A research team at DGIST (led by President Kuk Yang) was led by Professor Park Sang-Hyun of the Department of Robotics and Mechatronics Engineering to create a weakly supervised deep learning model that can accurately depict the presence and location of cancer in pathological images based only on data where the cancer is present. To identify the cancer site, existing deep learning models required a dataset that displayed the precise location of the cancer.

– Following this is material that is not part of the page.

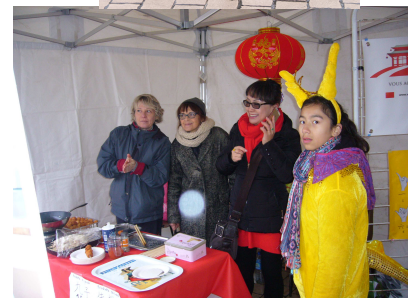
La vente des brochettes

The location of the cancer site must typically be accurately marked in order to resolve the zoning issues that indicate the location information of cancer, which takes a lot of time and consequently increases cost.
The weakly supervised learning model, which classifies cancer sites based on illustrative information such as “whether the cancer in the image is present or not,” could provide a solution to this problem. On a large dataset of pathological images, where each image can be several gigabytes in size, the current weakly supervised learning model would perform noticeably worse. Researchers attempted to improve performance by splitting the pathological image into patches because there is a limit to how much information can be used. The divided patches, on the other hand, lose the correlation between the location information and each split data.
In rebuttal, Professor Park Sang-research Hyun’s team devised a method for narrowing down to the cancer site by focusing only on the learned data indicating the presence of cancer by slide. The team developed a pathological image compression technology that first trains the network to successfully extract important features from the patches using unsupervised contrastive learning in order to reduce the size of the image while maintaining the correlation between the patches. The network is then used to detect the main features while keeping data for each location. Later, using a pixel correlation module and a class activation map, the team created a model that zones all of those regions across all of the pathology images to identify regions in compressed pathology images that are highly likely to have cancer (PCM).
With learning data that included slide-level cancer labels in the cancer zoning problem, the newly created deep learning model only achieved a dice similarity coefficient (DSC) score of up to 81-84. It significantly outperformed other weakly supervised learning techniques or previously proposed patch level techniques.